To further investigate the accuracy of disease detection, the ability of the classification model to accurately detect the same disease from different crops was examined (Fig. 5). The results indicated that the accuracy of predicting early blight was higher than that of late blight. These differences might be caused by patterns or features of symptoms in diseased leaves that differ between early blight and late blight (Fig. 5a,b). To confirm this hypothesis, lesions of diseased leaves were cropped, and a classification model was constructed using the cropped images of these lesions. These data indicated that the accuracy of models developed using lesion cropped images were decreased in both diseases compared to models developed using an entire leaf and significantly decreased in early blight (Fig. 5c). It is possible that use of low resolution images (20 × 20 pixels) might affect the accuracy of classification model. To address this, a correlation analysis between accuracy and image resolution was carried out (Fig. 5d). In spite of the low resolution images, the crop lesion characteristics appear to be an important factor for classification as they are classified with more than 70.62% accuracy.

To construct a generalized disease detection model, various situations in various field such as management system in smart farming and phenotypic analysis of disease had to be assumed and tested.
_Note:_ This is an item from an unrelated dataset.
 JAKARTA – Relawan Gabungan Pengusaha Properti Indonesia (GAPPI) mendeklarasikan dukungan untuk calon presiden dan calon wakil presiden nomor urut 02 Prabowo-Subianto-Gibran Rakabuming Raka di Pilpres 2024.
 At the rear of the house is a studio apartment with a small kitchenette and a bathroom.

Various data such as non-model crop images, crop images in field, and cropped images were used for the construction of the model. Especially, the 'unknown' category was newly defined when the probability is less than a predetermined threshold based on the classification probability. The disease detection model can be generalized by unknown category based on this classification probability. Thus, the disease detection model can be applicable to phenotypic research such as verification of seed purity, detection disordered crops or improved crop varieties.
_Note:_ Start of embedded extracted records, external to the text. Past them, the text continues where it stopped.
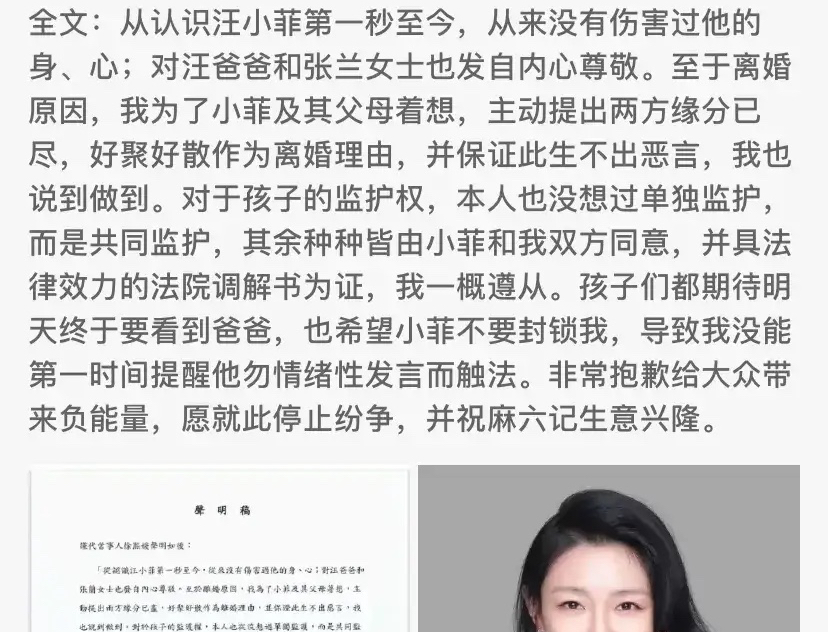 還有一個細節,是這篇聲明函里狠而不露的文字游戲精華所在,“從來沒有傷害過過他的身和心”。很少人會這樣寫,特意寫成這樣,只能有一個意思,她如果沒有,那就是小菲有過,也許是動過手或者是讓她傷心了。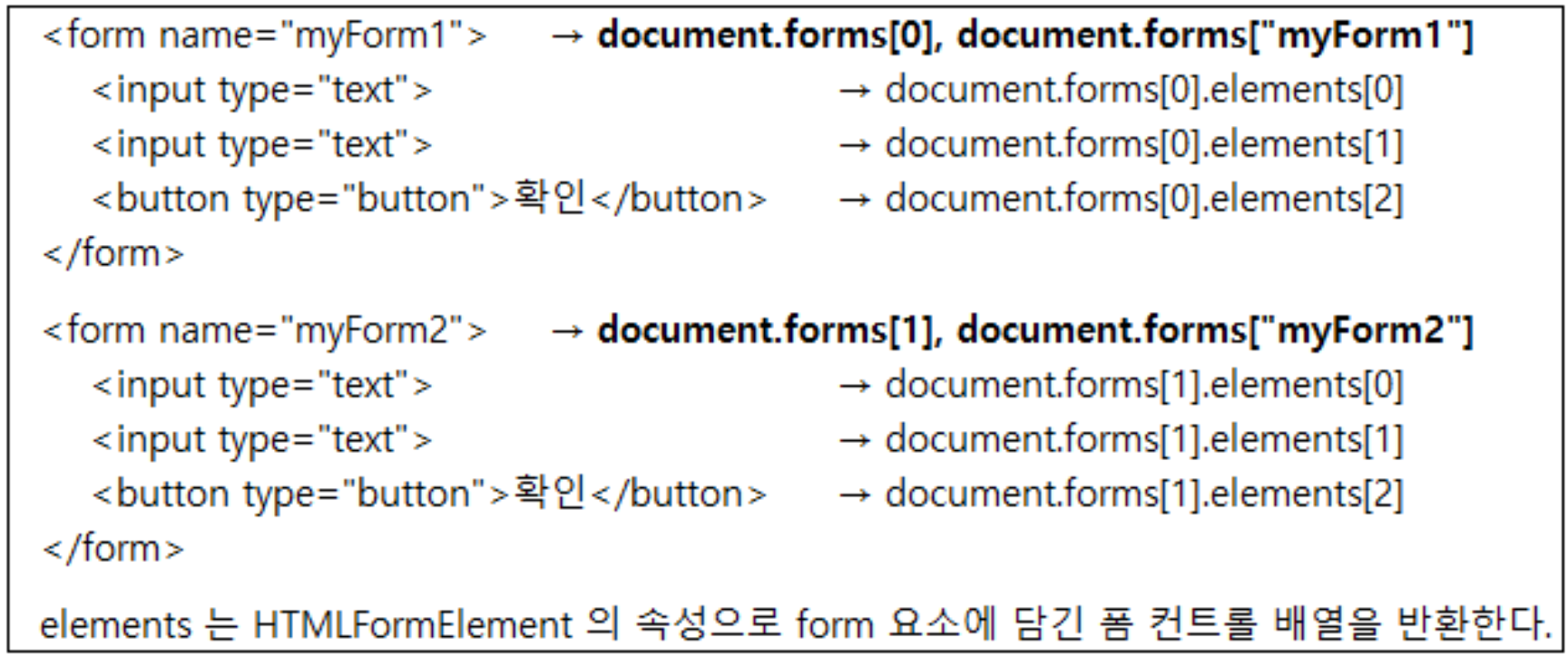 | elemennts | FORM ์์์ ๋ด๊ธด ๋ชจ๋ form ์ปจํธ๋กค(control) ๋ฐฐ์ด์ ๋ฐํํ๋ค. |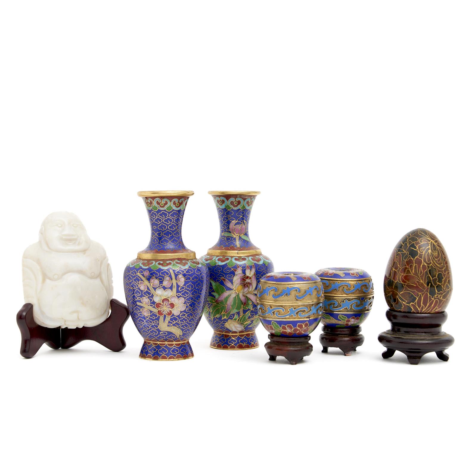 A COLLECTION OF MINIATURE CHINESE CLOISONNE INCL. A PAIR OF VASES, A PAIR OF BOXES WITH STANDS AND AN EGG WITH STAND, WITH A CARVED STONE BUDDHA WITH STAND H.10.5CM (TALLEST) (A/F), LEONARD JOEL DELIVERY SIZE: SMALL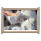 The artwork on this light wood Serving Tray is an original photograph by MaeFlowers of sea shells in sunlight and shadow. The beautiful conch shells are mostly white on the outside, with pale, pinkish brown lines spiraling softly down from the top of the sea shells. One shell curves inward revealing the light salmon pink interior, and we can see the pink color in some of the shadows. There is a beautiful blue color in others.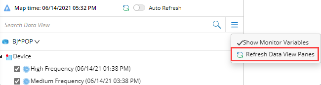 Refresh Data View Pane allows you to update the Flash Probe and Monitoring Variable result in the Probe Data View Pane, but the map time will not be reset.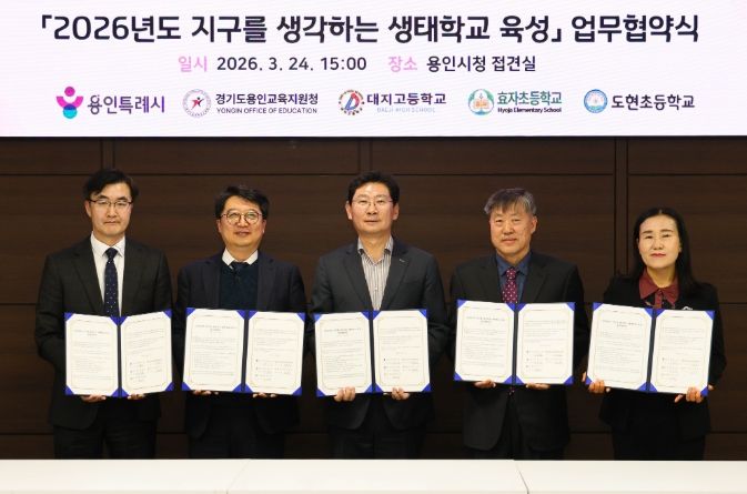 [경기경제신문] 용인특례시는 24일 시청 접견실에서 용인교육지원청을 비롯해 3개 학교와 ‘지구를 생각하는 생태학교 육성사업’을 위한 협약을 맺었다.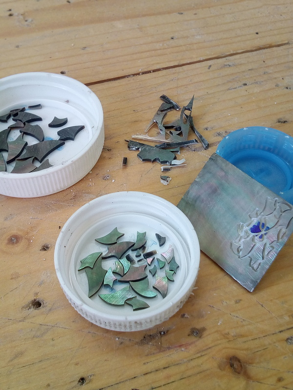 выколупываем перломутр (нужно терпение...много...желательно, я как бывший резчик по дереву у меня его хоть отбавляй :) )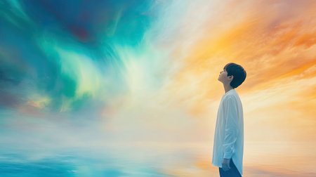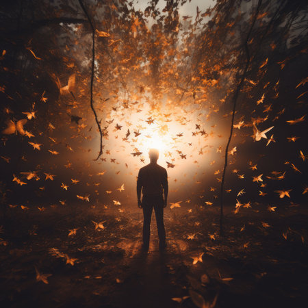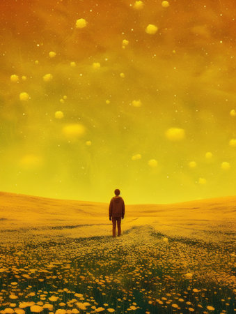 A striking image depicting the silhouette of a solitary figure looking up at the sky in a surreal, ethereal environment. The man stands alone in a mystical landscape, symbolizing introspection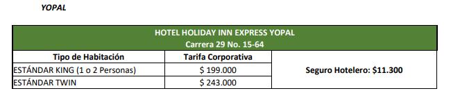 Vigencia de tarifas en Yopal, 10 enero 2024 al 12 enero 2025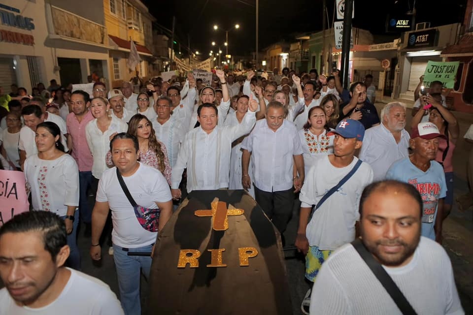 “Esta no es una marcha más, este 23 de agosto va a quedar grabado como la fecha en la que el pueblo de Progreso salió a las calles a exigir respeto a la voluntad del pueblo, ante este despojo que se está realizando en el Tribunal de Xalapa, al verdadero Presidente Municipal de Progreso que es el Dr. Raúl Alvarado”, manifestó frente al Palacio Municipal.

CNN analysis is widely used for classifying or detecting objects using their images. In the field of plant research and agriculture, major phenotypic analysis studies mainly focus on classifying species, detecting tissues or organs, and detecting diseases or stress responses. Thus, CNN analysis can be widely applied to plant phenotypic analysis or smart farming to monitor crops. In agriculture, CNN-based classification analysis is actively used in commercial crops, such as tomatoes³⁹, corn⁴⁰, and bananas⁴¹. These smart farming studies will help to automatically collect data, recognize events, and post-processing that could replace manpower in the near future. Similar to the human disease recognition process, plant disease was detected with sequential steps. This classification model provides a chance to identify crop species, disease occurrence, and disease type using a single image.
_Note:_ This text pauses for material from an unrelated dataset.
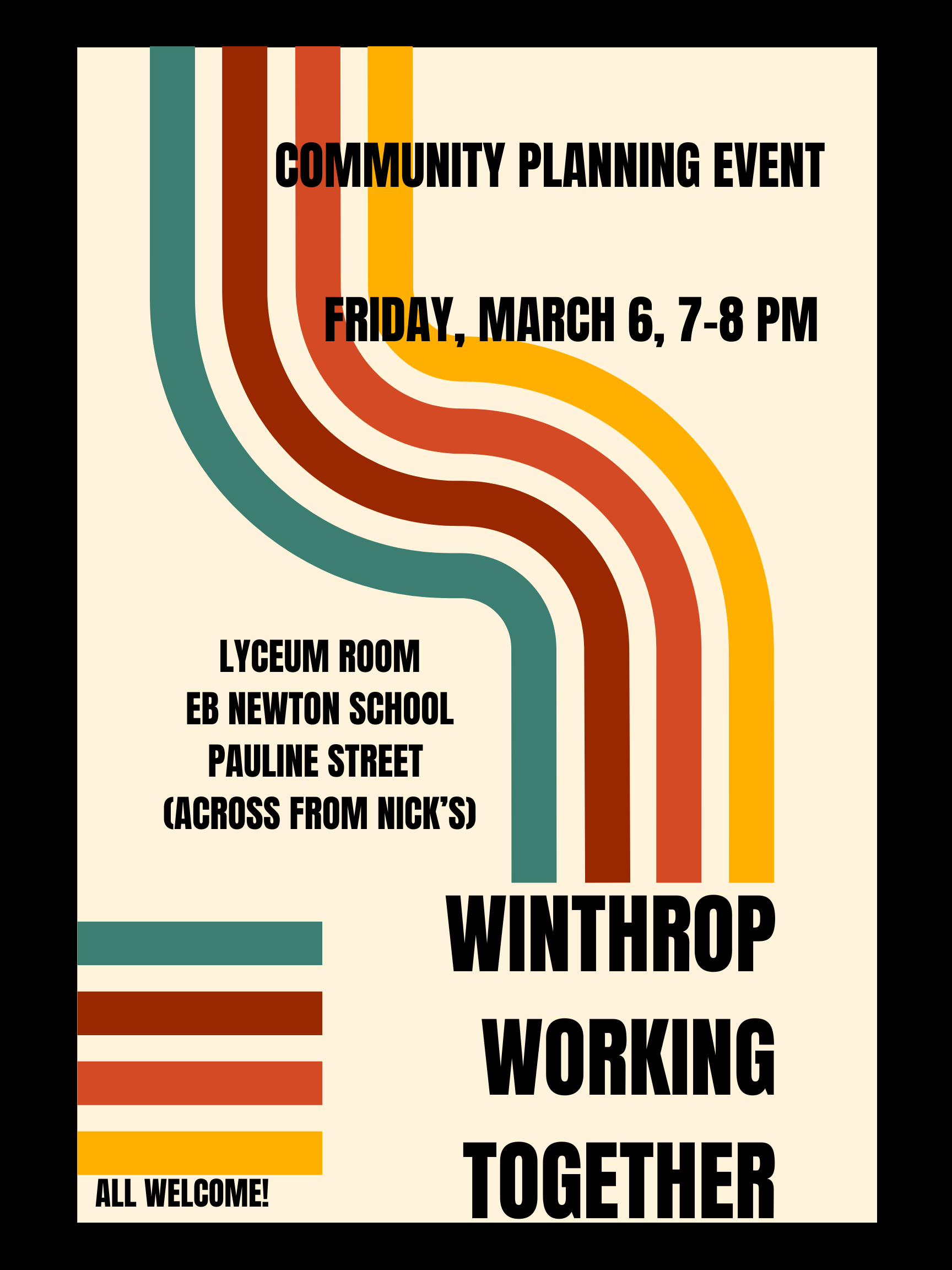We aim to create opportunities for people in Winthrop to access resources and information about the paramount issues facing our community and to engage in open, respectful dialogue and collaboration towards addressing them.

A deep learning-based stepwise disease detection model was built and evaluated under various conditions for actual applications. A new category, ‘unknown’, was defined according to the probability of classification, and a cropped image or a field image was also used. But above all, to make the classification model more elaborate, more high quality images of various crops will be required for model construction, as well as an approach for developing a platform to apply this model to applications such as smart farming and studies of plant pathology.

Conclusion

In current study, a deep learning model was developed to detect multiple crop diseases. The disease detection model is composed of three steps to recognize crops (step 1), to determine disease occurrence (step 2), and to determine disease types (step 3). In each step, the optimal pre-trained CNN model that could be suitable for the data and purpose was selected and configured. To apply this model to the industrial filed, determination of unknown crops using images of crops that have not been used in model construction were added and 'unknown' was defined to prevent false positives. Further studies should add a variety data of crops with and without diseases to create a generally usable disease classification model.

Materials and methods

Dataset description

Diseased and healthy plant leaves for the study were obtained from an open-source database, PlantVillage⁴². A total of 8121 healthy leaf images of bell pepper, potato, and tomato were obtained from nine crops. For the detection of disease, a total of 31,061 diseased leaf images were obtained, including bacterial spot of bell pepper, early blight caused by Alternaria tomatophila and Alternaria solani, and late blight caused by Phytophthora infestans of potato or tomato, and bacterial spot, and tomato mosaic virus of tomato (Supplementary Table S7). In the case of tomato, four diseases out of nine diseases were selected. It was selected to accurately detect diseases common to other crops and to identify diseases that threaten farms. Before constructing the disease detection model, low quality images were filtered by horticultural experta (Supplementary Fig. S2). After image filtering, 18,445 and 6481 images of diseased and healthy leaves remained for subsequent analysis. To elaborate stepwise detection model for plant disease was constructed using Solanaceae corresponding to bell pepper, potato, and tomato of nine crops. Removing background of the image was selected instead of annotation using polygon for training set to develop models using shape of leaf or lesion of images (Fig. 1 and Supplementary Table S4).

Data preprocessing

To construct and test the stepwise detection model, the test data were separated from the entire dataset prior to model construction, to evaluate the performance of the final model. The whole dataset was divided 80:20 using stratified random sampling, with 80% of dataset serving as a training set and the remaining 20% of dataset used as a test set. Model construction and validation were performed using the training set. Five pre-trained CNN models were constructed and trained by sampling 80% of the training set and performing validation using the remaining 20% of the training set. To improve accuracy and reduce time consumption, hyperparameters including batch size, epoch size, optimizer, activation function, learning rate, early stopping function, and loss function were tuned⁴³. After that, of the five pre-trained CNN models, the model with the highest accuracy was selected from each pre-trained model. If the accuracy of the models were same, the model with the least loss is selected. Subsequently, the model with the highest test accuracy among the five pre-trained models was selected as the final model.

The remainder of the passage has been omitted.